Короля отловили и снова принялись лечить. Тут, нужно сказать, Георгу не повезло: энтузиазм врачей к концу XVIII века был не в пример выше, чем при том же Генрихе VI. Эпоха Просвещения, как-никак! В покое его никто оставлять не собирался, и его величество отправился на лечение в имение Грейтфорд, где находился частный санаторий для душевнобольных (ну не в Бедлам же, в самом деле, человека класть!). Заведовал им бывший священник Френсис Уиллис. Тут-то карьера Уиллиса и пошла резко в гору. Короля связывали и даже временами выписывали ему целебных люлей, когда он был слишком буен. Королю назначали рвотные и слабительные, купали в ледяных ваннах, делали традиционное кровопускание, катали на вращательном кресле до потери сознания. Когда же буйство стало сходить на нет, его величество отправили на грейтфордские поля: трудиться, трудиться и трудиться – вот залог крепкого психического здоровья, так говаривал Уиллис. Ну а там и обострение прошло. 26 февраля 1789 года доктор написал в своем бюллетене о полном выздоровлении его величества (блажен, кто верует, тепло ему на свете!), получил свой нехилый гонорар и вскоре отправился на гастроли: в Португалии его ждала другая венценосная особа, Мария Безумная. И гонорар побольше: для сравнения – если за время лечения Георга доктору отсыпали полторы тысячи фунтов стерлингов, то за ведение Марии он заломил аж двадцать тысяч. И ведь заплатили…
Ну а Георга ждала королевская работа. Тут ведь ни на миг не расслабишься: во Франции революция в разгаре, в Парламенте бардак и совокупленье падших женщин, в театре какой-то очередной сумасшедший чуть не подстрелил (это был Джеймс Хэдфилд, отставной солдат, коему пригрезилось, будто он спасает мир)… Но ничего, справился. Правда, и организм не молодел, и душевная болезнь (все-таки порфирия, о которой долгое время говорили, как об основной причине помутнения рассудка короля, была тут далеко не на первом месте) никуда не ушла, просто ждала своего часа.
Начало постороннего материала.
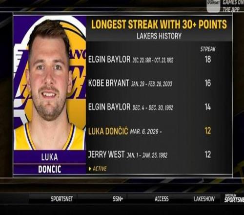第四 ,这是东契奇一连第13场得分30+ ,继续刷新小我私家生涯最长纪录 ,同时也是湖人队史第四长(凌驾杰里·韦斯特)。
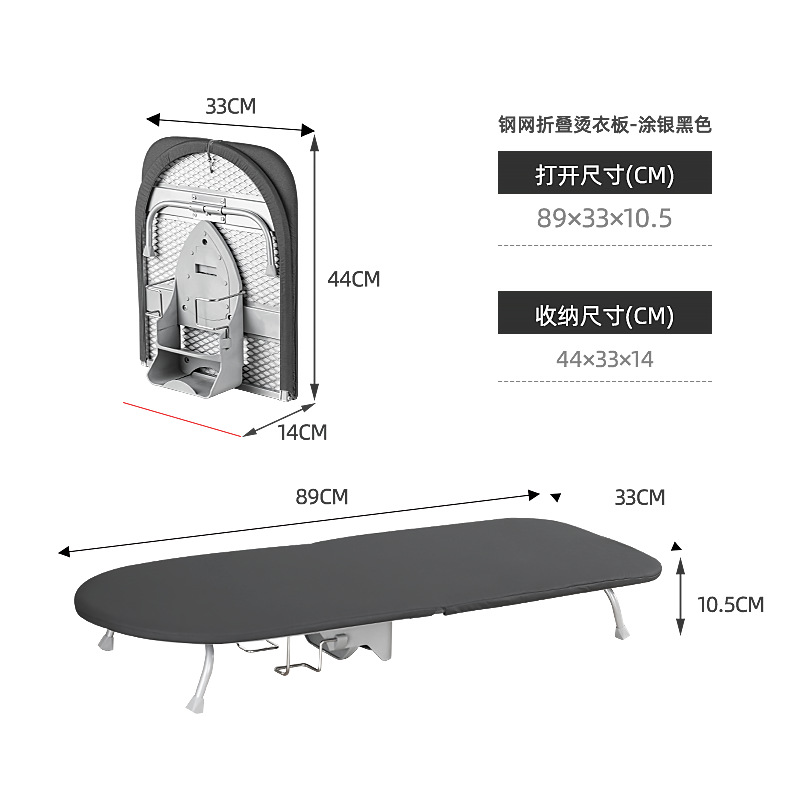 This folding household ironing board features a sturdy iron construction and an integrated storage rack designed to maximize functionality and save space. The board folds easily for compact storage, making it suitable for various home environments. Its durable surface provides a reliable platform for ironing garments, while the attached rack offers convenient storage for irons or laundry accessories, enhancing organizational efficiency. This practical design combines portability with stability, catering to everyday ironing needs.

Спустя почти двенадцать лет – было это в 1801 году – приступ сумасшествия повторился. Правда, на сей раз ненадолго, и сыновья Фрэнсиса Уиллиса, Джон и Роберт Дарлинг Уиллисы, даже толком и развернуться-то не успели в своих начинаниях. За ним в 1804 году последовал другой приступ – и тоже с возбуждением, бредом и галлюцинациями.
К 1808 году, когда Англия (вернее, Соединенное Королевство Великобритании и Ирландии, как она стала величаться) отметила семидесятилетний юбилей его величества, юбиляр заметно сдал – «все рюматизм да головные боли», как выразился один из героев Грибоедова. Плюс катаракта. В 1810 году умерла от туберкулеза любимая младшая дочь Георга, Амелия.